中国の前原誠司外務大臣への警戒感は相当強いものがあるだろう。なんせ彼は左の仙谷由人官房長官の両極の右側の極なのだから。その発言が中国を刺激しているのは間違いない。が、ここにきて中国側を刺激しない発言に切り替わっている。産経新聞を「イラ前」したのは、方針と真逆だったからだ。
これが前原誠司外務大臣の「大人の対応」と見るのは無理がある。
菅直人内閣の実質の舵取りは仙谷由人官房長官が行っている。アメリカで尖閣諸島で船長を逮捕した後の中国の強硬姿勢に対して「何とかしろ」としか指示が出せない菅直人総理では物事が何も進まない。そこで、仙谷由人官房長官が仕切ることになるのだが、左側の彼は正面切っての法廷闘争を止め裁判長(中国)の温情に訴えてせめて執行猶予付きの判決をと考えた。これに菅直人総理が同意して内閣の方針として中国を刺激しないことになった。
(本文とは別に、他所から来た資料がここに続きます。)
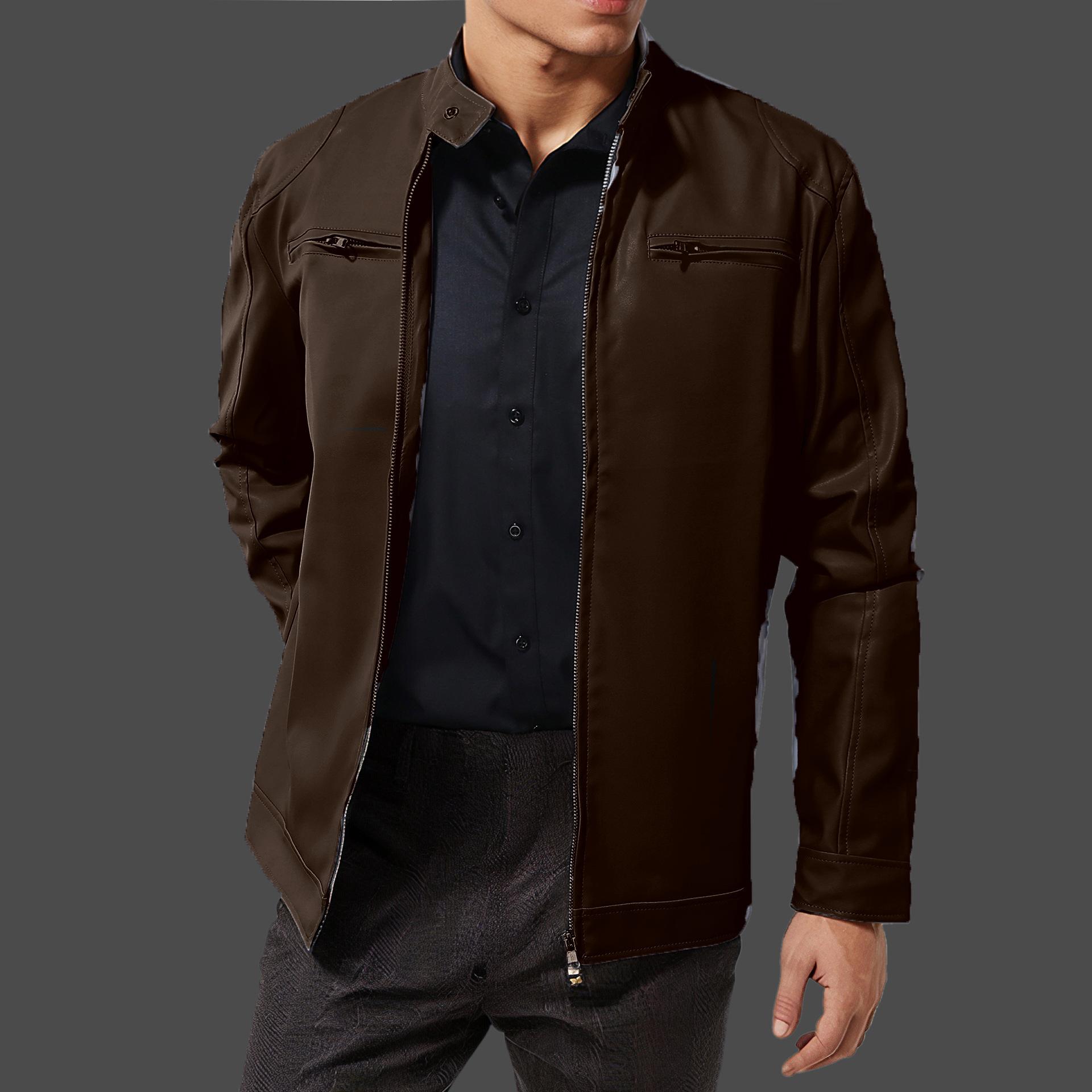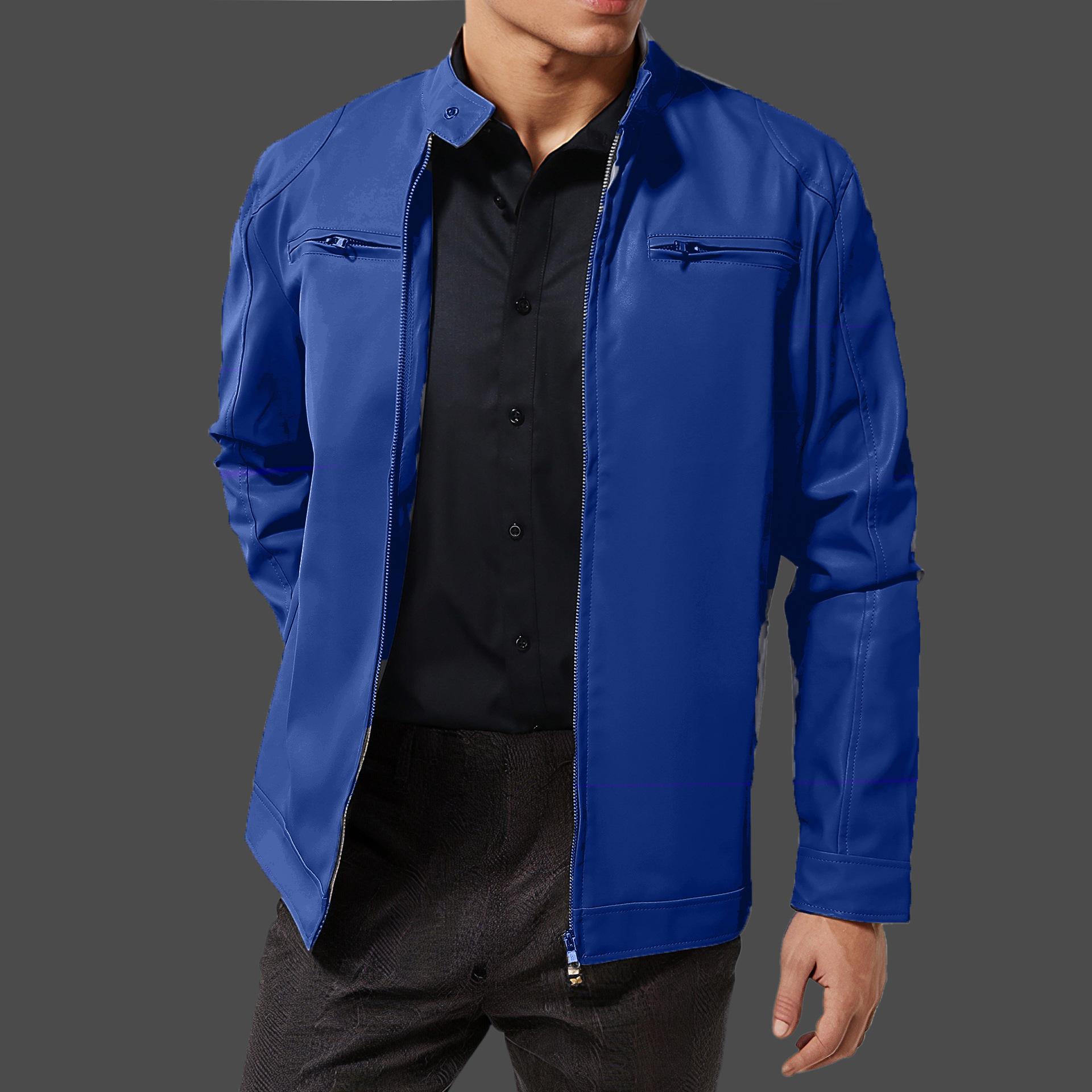 Chaqueta de cuero sintético con cuello alto para hombre, nueva chaqueta de motociclista europea y americana, de otoño, ligera, para negocios y ocio.

前原誠司外務大臣がこれに従わないのなら切っても良いと迫っているのだろう。
偽メール事件で自分の考えだけで猪突猛進して代表の座を棒に振ってしまった前歴のある前原誠司氏としては、引かざるを得なかったのだろう。本来防衛省が行う米軍関連の事案にも首を突っ込みすぎたきらいもあった。つまり、前原誠司外務大臣の「大人の対応」は「昨今、この内閣は倒れる」って大人の対応だと思われる。
一匹オオカミの群れはカオス状態に
一匹オオカミの群れってのは適語表現では無いが現実にはあり得る。中国の事例をここで持ち出すのは不適切かもしれないが梁山泊である。
日本で一匹オオカミの群れと呼べるものは過去存在しなかった。清水の次郎長がこれに近いがやはり日本的な「和をもって尊ぶ」でしか無い。プロ野球の監督の星野氏の発言だったと記憶しているが「アマチュアは和をもって勝つ、プロは勝利をもって和する」ってのがあった。まさに後者が一匹オオカミの群れを統率する手法である。
しかるに、菅直人総理は前者の人である。仙谷由人官房長官に至っては状況判断の逐次対応の人である。今の内閣に大局観を持って物事に対峙する人は居ない。局地戦の逐次対応の繰り返しが結局大敗へと繋がるのは先の太平洋戦争のガダルカナル島戦の戦訓でもあるのだが。
リーダ不在では、一匹オオカミの群れは無統率状態のままカオスの世界に入っていく。
一方に中道のオオカミ集団が居る。親小沢一郎派のメンバーである。こちらは一匹オオカミ風も居るが基本は「和をもって尊ぶ」であるが、リーダは「勝利をもって和する」人間である小沢一郎である。これほど両グループのリーダの素養が違う。
一匹オオカミ集団は統率者が居ない状態で外圧が訪れると四散するだろう。外圧とは中国のことでは無い。国会運営である。本人達が自覚してるかどうか別にして所詮、政治家は結果責任である。法律を成立させることが出来なければ政治家の価値は無い。
政治家は法律を作り成立させ実施し、そしてその結果に責任を持つ。あたりまえの事が出来なければ国民は政治を預託した意味が無い。つまり「こんなもんなら、イラナイ」となる。
サポータの投票で代表選挙圧倒的勝利と菅直人氏は信じているようだが、国会議員票では薄氷を踏む状態だったことを思い出すべきだ。そして、協調性の無い一匹オオカミはリーダにすら牙をむく事がある。
統率の取れた集団と各人バラバラの集団ではどちらが戦いに勝利するかは歴史の示すところだ。菅直人総理はもはや首を洗って待つ時期に突入したのかもしれない。